Saved entries:
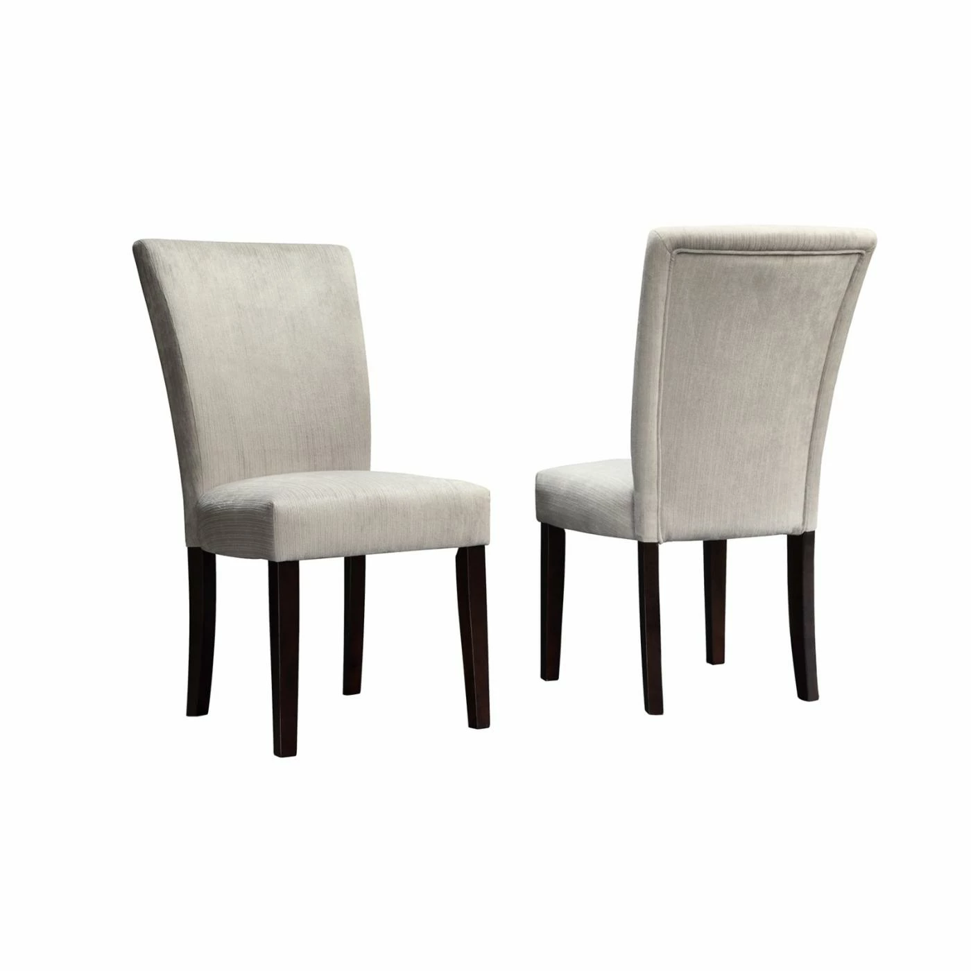 The ultra soft chenille upholstered Weston Home Royal Silver Gray Chenille Parson Chairs – Espresso – Set of 2 provide sumptuously comfortable seating. This set includes two parson’s style side chairs with rubberwood legs in a deep espresso finish. Silver gray chenille upholstery makes the spacious and padded seats and backrests even more comfortable.
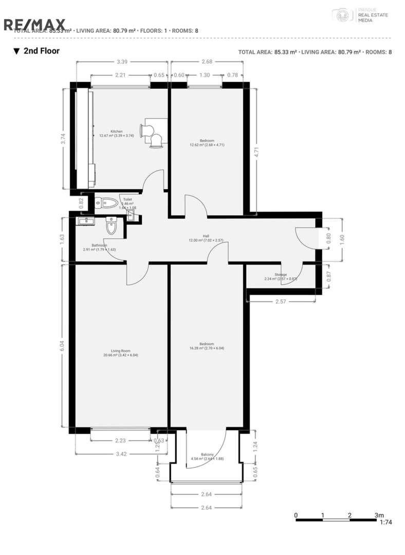Kuchyně o velikosti téměř 13 m² poskytuje dostatek místa pro pohodlné vaření i jídelní stůl. Obývací pokoj o výměře 21 m² je pěkně vzdušný a ideální pro rodinné setkávání. Dva neprůchozí pokoje o velikosti 13 m² a 16 m² nabízí využití jako ložnice, dětský pokoj či pracovna. Velkým benefitem je prostorná komora a také dvě samostatné toalety, což výrazně zvyšuje rodinný komfort.
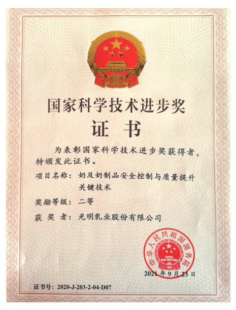 去年11月3日,在2020年度国家科学技术奖励大会上,由中国农业科学院北京畜牧兽医研究所牵头完成,光明乳业参与的“奶及奶制品安全控制与质量提升关键技术”获国家科学技术进步奖二等奖。这是光明乳业第五次在该大会上拿下的重要奖项,成为行业内荣获此至高荣誉最多的乳制品企业。在生产方面,光明乳业也在全国鲜奶市场获得了份额第一的好成绩,“光明优倍”成为全国第一个实现全国生产、全国销售的鲜奶品牌。光明乳业由此成为“技术引领—标准引领—品质引领”的国内乳企典范。
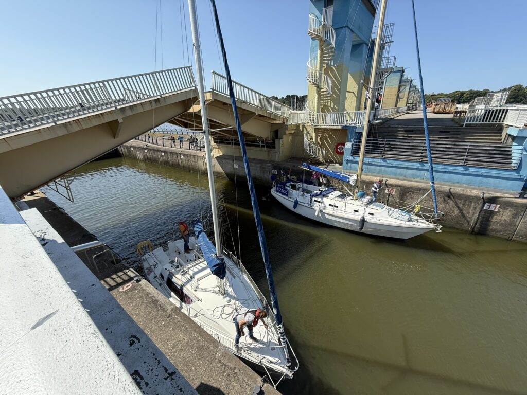 Da wurden gerade alle Schiffe schön zusammengebüschelt und hinten ging die Brücke wieder runter für den Verkehr.
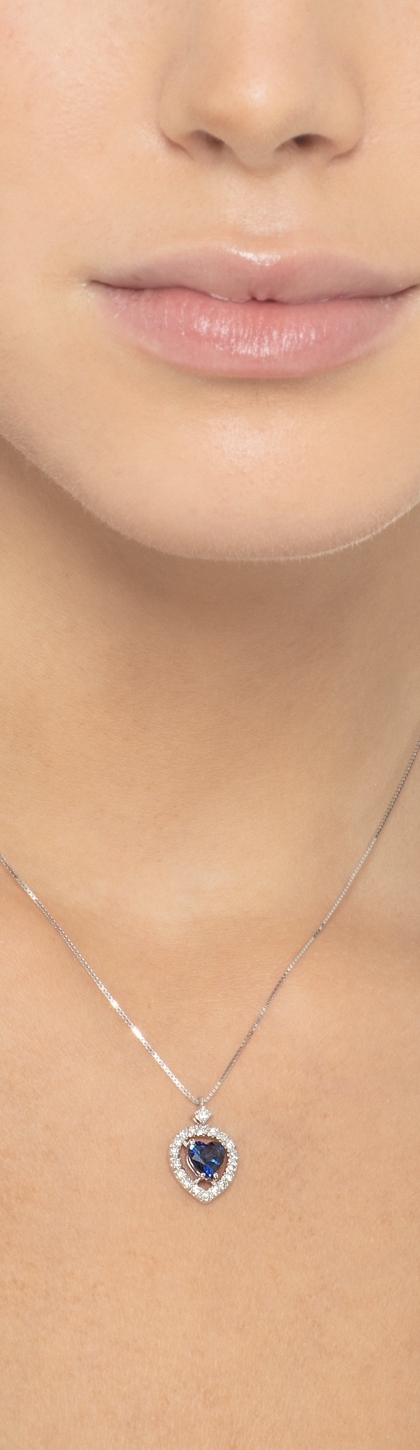 Collana in oro bianco 18k con pendente a cuore con zaffiro blu e diamanti
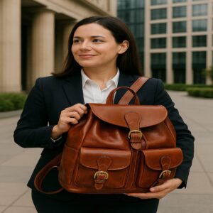 Luxury Full-Grain Leather Backpack – Minimalist Elegant, Laptop & Office Bag
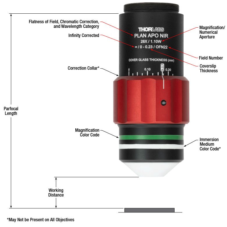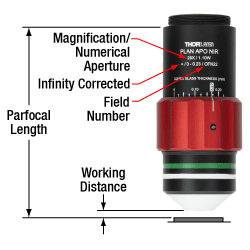 Figure 1.1 Thorlabs maintains the labeling convention shown here for our TL15X-2P and TL28X-MP objectives. (See the Objective Tutorial tab for more information about microscope objective types and labeling schemes.)
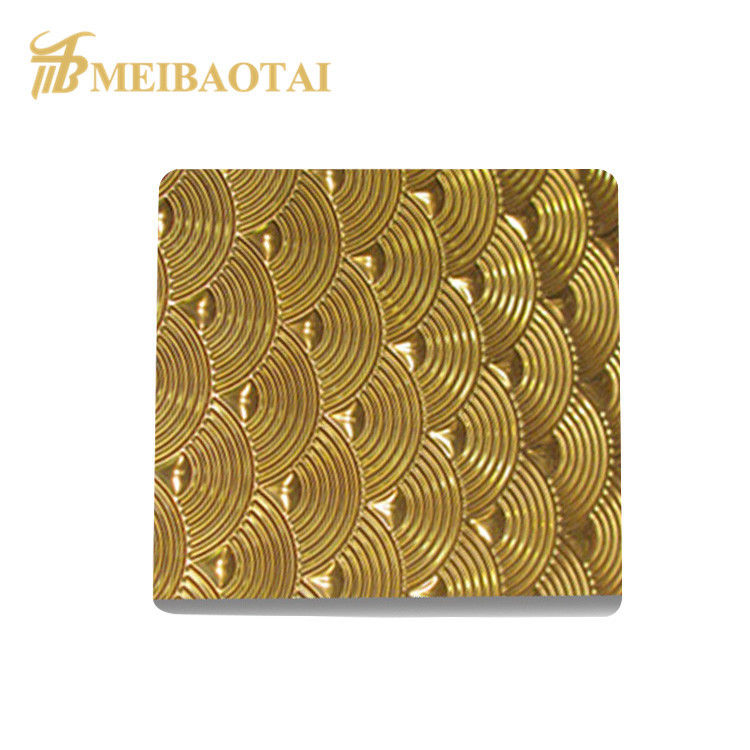 O estampado pode ser realizado em superfícies de chapa de aço inoxidável 2B, espelho ou NO.4 e fazer revestimento PVD após o estampado.
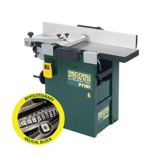 Denne afretter/tykkelseshøvl fra Record Power er perfekt egnet til den kræsne træarbejder, der forventer professionel, pålidelig ydeevne fra en solid og holdbar maskine, men ikke har plads eller budget til en større industrimaskine.I hjertet af denne maskine er den spiralformede skæreblok. Den har 44 TCT skærehoveder arrangeret i et spiralformet format over fire rækker. Selve knivene er bearbejdet til en konveks profil for at opnå et forskydningssnit, hvilket resulterer i en finish af ekstrem høj kvalitet på træet. Denne skæremetode er ekstremt effektiv og reducerer strømforbruget og belastningen på maskinen sammenlignet med den traditionelle 3-knivs skæreblokhøvltykkelse. Arrangementet af skæreblokkene giver også mulighed for øget luftstrøm mellem knivene, hvilket sikrer, at luften udsuges fra maskinen effektivt, hvilket i høj grad reducerer driftsstøjen med op til 50 % i forhold til traditionelle maskiner.Den spiralformede blok skaber små, jævnt store spåner, hvilket betyder, at der opnås mere effektiv udsugning, hvilket yderligere øger driftseffektiviteten af denne maskine. TCT-klingerne holder 10-20 gange længere end traditionelle HSS-høvlknive, og hver skæreblok har fire sider, så når knivene bliver stumpe, skal du blot dreje dem for at afsløre en frisk skærekant. Sammenlignet med en traditionel 3-knivsmaskine er klingeskift og opsætning enkel og nem, da hver skæreblok er fastgjort til blokken i en fast position - hvilket betyder, at ingen komplicerede opsætningsoperationer er nødvendige.Kraftige støbejernsborde giver denne maskine en grad af nøjagtighed, der ikke findes andre steder på maskiner med denne kapacitet eller prisklasse - indføringsbordet justeres nemt og præcist ved hjælp af det robuste håndtag og klare dybdeskala. Derudover kan PT107 også prale af en udløbsbordjusteringsfacilitet, hvilket betyder, at der kan opnås virkelig nøjagtig kalibrering for at sikre overlegen nøjagtighed ved høvling.For nem og hurtig konvertering til tykkelsestilstand er emhætten et stort svingende design i et stykke stål. Tykkelsesbordet er understøttet af en væsentlig central søjle, der giver masser af støtte til selv de tungeste emner. For at hjælpe med tykkelsen af særligt vanskeligt papir, er der tilvejebragt en kobling på tykkelsestilførslen for at tillade fjernelse af papir, hvis der opstår fastklemning. Dette betyder også, at tykkelsen kan deaktiveres, når den ikke er i brug for at spare slid på indvendige dele.Tekniske dataTykkelse tilførselshastighed: 5 meter/minutKutterblok Diameter:75 mmMaksimal tykkelseshøjde: 190 mmMaksimal tykkelsesbredde: 265 mmMaksimal tykkelse af skæredybde: 2 mmMaksimal høvlebredde: 265 mmMaksimal høvldybde: 3 mmHøvlebord Længde:1110 mmMotorindgang P1:2,2 kWMotorydelse P2:1,69 kWSpænding: 230VVægt: 162 kgStørrelse:H950 x B710 x D 1110 mm
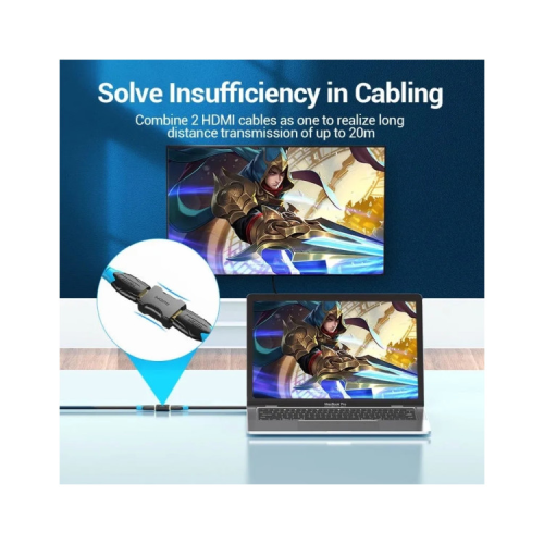 Перехідник Vention HDMI F – HDMI F. Призначений для з'єднання двох кабелів з роз'ємом HDMI 19M.
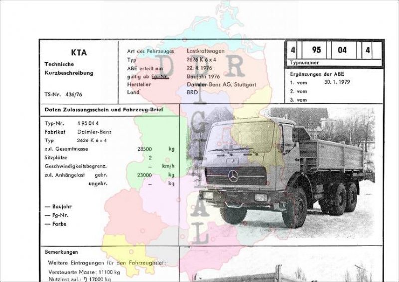 Art des Fahrzeuges: Lastkraftwagen Typ: 2626 K 6 x 4 ABE erteilt am: 22.04.1976 gültig ab: 1976 Hersteller: Daimler-Benz AG, Stuttgart Land: BRD Ergänzung zur ABE: 1. vom 30.01.1979 Typnummer: 495044 Anzahl Seiten: 2
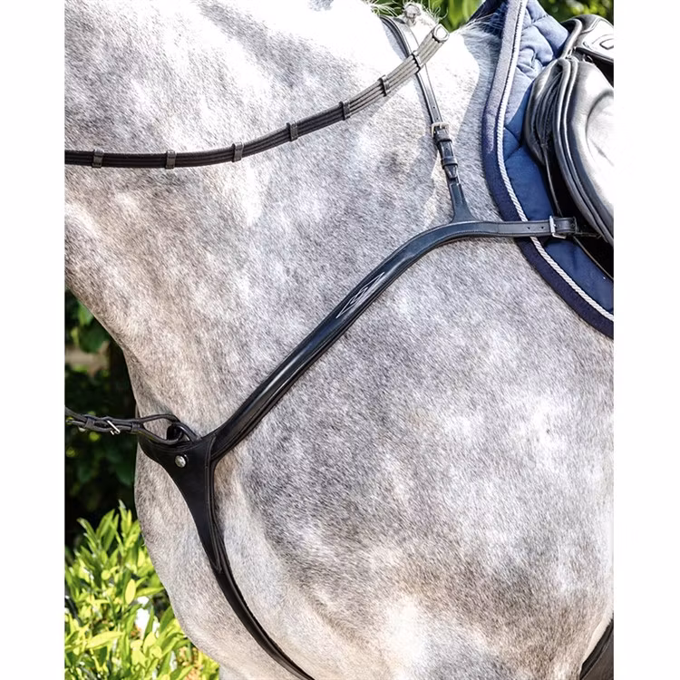 Standard martingal (EVO) ingår. Supersmart snabbspänne på martingalen, så man inte behöver knäppa upp tyglarna för att trä igenom ringen, utan bara hakar på ringen på tyglarna!
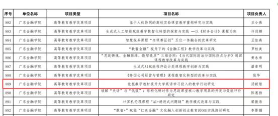 12月26日,广东省教育厅公布2025年度本科高校教学与教学改革质量工程拟立项项目名单,我院汤新煌老师主持的项目《依托数字教材提升大学英语学习投入的教学行动研究》成功立项,标志着其在教学改革研究领域取得新突破。
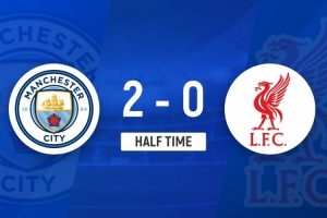 傷停補(bǔ)時(shí)2分鐘。上半場比賽結(jié)束,曼城2-0利物浦。
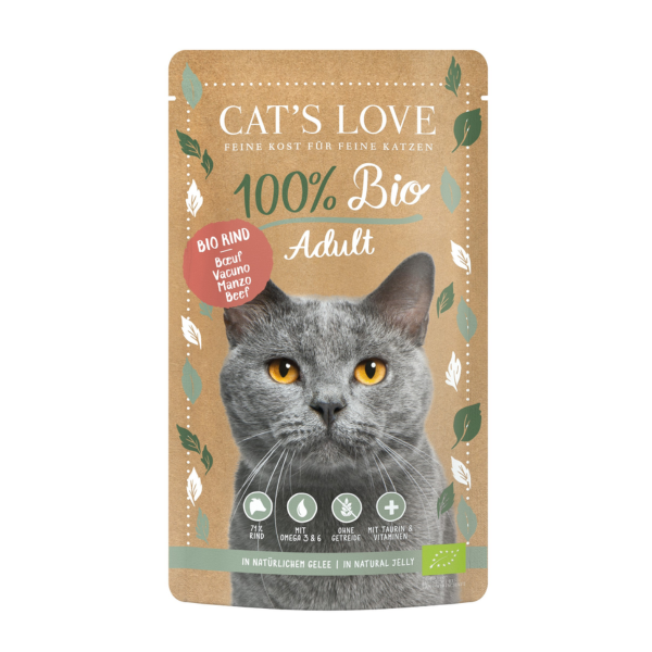 Cats Love Bio Ternera es un alimento húmedo natural hecho con ingredientes certificados de agricultura ecológica. Su fórmula rica en ternera (71 %) proporciona proteínas de buena digestibilidad y sabor intenso, ideal para aportar variedad y nutrición saludable a la dieta diaria del gato. Sin aditivos sintéticos, está pensada para una alimentación completa.

WHAT TO PRODUCE.
From the first line to the last, output the records exactly without pictures.

ANSWER SPACE.
 The ultra soft chenille upholstered Weston Home Royal Silver Gray Chenille Parson Chairs – Espresso – Set of 2 provide sumptuously comfortable seating. This set includes two parson’s style side chairs with rubberwood legs in a deep espresso finish. Silver gray chenille upholstery makes the spacious and padded seats and backrests even more comfortable.
Kuchyně o velikosti téměř 13 m² poskytuje dostatek místa pro pohodlné vaření i jídelní stůl. Obývací pokoj o výměře 21 m² je pěkně vzdušný a ideální pro rodinné setkávání. Dva neprůchozí pokoje o velikosti 13 m² a 16 m² nabízí využití jako ložnice, dětský pokoj či pracovna. Velkým benefitem je prostorná komora a také dvě samostatné toalety, což výrazně zvyšuje rodinný komfort.
 去年11月3日,在2020年度国家科学技术奖励大会上,由中国农业科学院北京畜牧兽医研究所牵头完成,光明乳业参与的“奶及奶制品安全控制与质量提升关键技术”获国家科学技术进步奖二等奖。这是光明乳业第五次在该大会上拿下的重要奖项,成为行业内荣获此至高荣誉最多的乳制品企业。在生产方面,光明乳业也在全国鲜奶市场获得了份额第一的好成绩,“光明优倍”成为全国第一个实现全国生产、全国销售的鲜奶品牌。光明乳业由此成为“技术引领—标准引领—品质引领”的国内乳企典范。
 Da wurden gerade alle Schiffe schön zusammengebüschelt und hinten ging die Brücke wieder runter für den Verkehr.
 Collana in oro bianco 18k con pendente a cuore con zaffiro blu e diamanti
 Luxury Full-Grain Leather Backpack – Minimalist Elegant, Laptop & Office Bag
 Figure 1.1 Thorlabs maintains the labeling convention shown here for our TL15X-2P and TL28X-MP objectives. (See the Objective Tutorial tab for more information about microscope objective types and labeling schemes.)
 O estampado pode ser realizado em superfícies de chapa de aço inoxidável 2B, espelho ou NO.4 e fazer revestimento PVD após o estampado.
 Denne afretter/tykkelseshøvl fra Record Power er perfekt egnet til den kræsne træarbejder, der forventer professionel, pålidelig ydeevne fra en solid og holdbar maskine, men ikke har plads eller budget til en større industrimaskine.I hjertet af denne maskine er den spiralformede skæreblok. Den har 44 TCT skærehoveder arrangeret i et spiralformet format over fire rækker. Selve knivene er bearbejdet til en konveks profil for at opnå et forskydningssnit, hvilket resulterer i en finish af ekstrem høj kvalitet på træet. Denne skæremetode er ekstremt effektiv og reducerer strømforbruget og belastningen på maskinen sammenlignet med den traditionelle 3-knivs skæreblokhøvltykkelse. Arrangementet af skæreblokkene giver også mulighed for øget luftstrøm mellem knivene, hvilket sikrer, at luften udsuges fra maskinen effektivt, hvilket i høj grad reducerer driftsstøjen med op til 50 % i forhold til traditionelle maskiner.Den spiralformede blok skaber små, jævnt store spåner, hvilket betyder, at der opnås mere effektiv udsugning, hvilket yderligere øger driftseffektiviteten af denne maskine. TCT-klingerne holder 10-20 gange længere end traditionelle HSS-høvlknive, og hver skæreblok har fire sider, så når knivene bliver stumpe, skal du blot dreje dem for at afsløre en frisk skærekant. Sammenlignet med en traditionel 3-knivsmaskine er klingeskift og opsætning enkel og nem, da hver skæreblok er fastgjort til blokken i en fast position - hvilket betyder, at ingen komplicerede opsætningsoperationer er nødvendige.Kraftige støbejernsborde giver denne maskine en grad af nøjagtighed, der ikke findes andre steder på maskiner med denne kapacitet eller prisklasse - indføringsbordet justeres nemt og præcist ved hjælp af det robuste håndtag og klare dybdeskala. Derudover kan PT107 også prale af en udløbsbordjusteringsfacilitet, hvilket betyder, at der kan opnås virkelig nøjagtig kalibrering for at sikre overlegen nøjagtighed ved høvling.For nem og hurtig konvertering til tykkelsestilstand er emhætten et stort svingende design i et stykke stål. Tykkelsesbordet er understøttet af en væsentlig central søjle, der giver masser af støtte til selv de tungeste emner. For at hjælpe med tykkelsen af særligt vanskeligt papir, er der tilvejebragt en kobling på tykkelsestilførslen for at tillade fjernelse af papir, hvis der opstår fastklemning. Dette betyder også, at tykkelsen kan deaktiveres, når den ikke er i brug for at spare slid på indvendige dele.Tekniske dataTykkelse tilførselshastighed: 5 meter/minutKutterblok Diameter:75 mmMaksimal tykkelseshøjde: 190 mmMaksimal tykkelsesbredde: 265 mmMaksimal tykkelse af skæredybde: 2 mmMaksimal høvlebredde: 265 mmMaksimal høvldybde: 3 mmHøvlebord Længde:1110 mmMotorindgang P1:2,2 kWMotorydelse P2:1,69 kWSpænding: 230VVægt: 162 kgStørrelse:H950 x B710 x D 1110 mm
 Перехідник Vention HDMI F – HDMI F. Призначений для з'єднання двох кабелів з роз'ємом HDMI 19M.
 Art des Fahrzeuges: Lastkraftwagen Typ: 2626 K 6 x 4 ABE erteilt am: 22.04.1976 gültig ab: 1976 Hersteller: Daimler-Benz AG, Stuttgart Land: BRD Ergänzung zur ABE: 1. vom 30.01.1979 Typnummer: 495044 Anzahl Seiten: 2
 Standard martingal (EVO) ingår. Supersmart snabbspänne på martingalen, så man inte behöver knäppa upp tyglarna för att trä igenom ringen, utan bara hakar på ringen på tyglarna!
 12月26日,广东省教育厅公布2025年度本科高校教学与教学改革质量工程拟立项项目名单,我院汤新煌老师主持的项目《依托数字教材提升大学英语学习投入的教学行动研究》成功立项,标志着其在教学改革研究领域取得新突破。
 傷停補(bǔ)時(shí)2分鐘。上半場比賽結(jié)束,曼城2-0利物浦。
 Cats Love Bio Ternera es un alimento húmedo natural hecho con ingredientes certificados de agricultura ecológica. Su fórmula rica en ternera (71 %) proporciona proteínas de buena digestibilidad y sabor intenso, ideal para aportar variedad y nutrición saludable a la dieta diaria del gato. Sin aditivos sintéticos, está pensada para una alimentación completa.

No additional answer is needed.